Go to the line in the entries below that holds "Dynamic Abstract Speed" and repeat exactly from there through the line that holds "100% Schaffell/Lammfell, Kiefernholz, Schaumstoff", inclusive.

**RECORDS SUPPLIED**
-- Opening Marker --

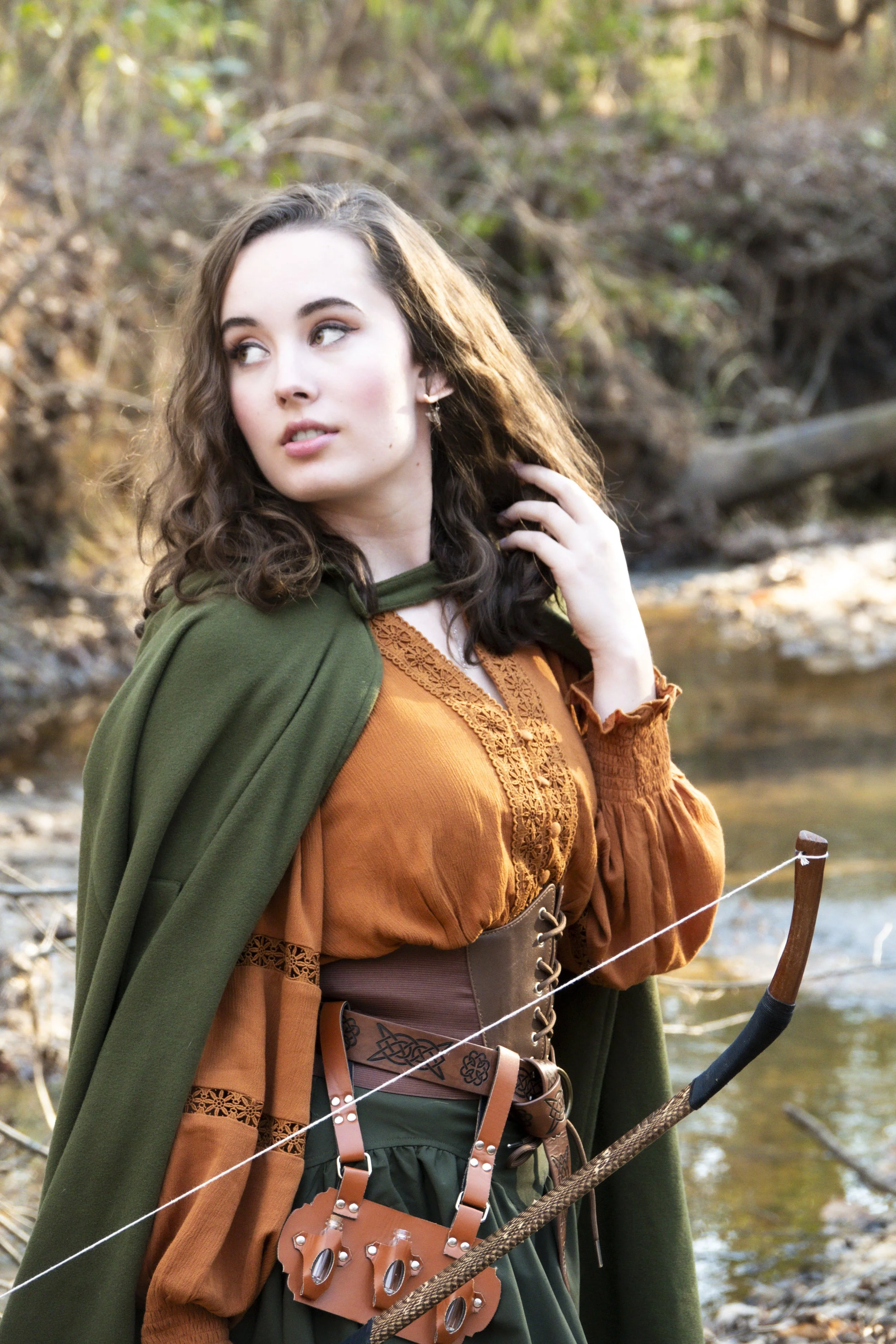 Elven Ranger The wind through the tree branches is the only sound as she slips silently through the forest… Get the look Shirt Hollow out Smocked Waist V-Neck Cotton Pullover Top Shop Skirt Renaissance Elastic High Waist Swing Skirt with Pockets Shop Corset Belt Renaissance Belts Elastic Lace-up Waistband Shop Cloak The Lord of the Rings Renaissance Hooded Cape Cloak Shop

-- Closing Marker --
-- Opening Marker --

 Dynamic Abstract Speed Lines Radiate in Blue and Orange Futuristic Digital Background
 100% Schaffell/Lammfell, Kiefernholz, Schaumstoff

-- Closing Marker --

**REPLY TO THE EXERCISE**
 Dynamic Abstract Speed Lines Radiate in Blue and Orange Futuristic Digital Background
 100% Schaffell/Lammfell, Kiefernholz, Schaumstoff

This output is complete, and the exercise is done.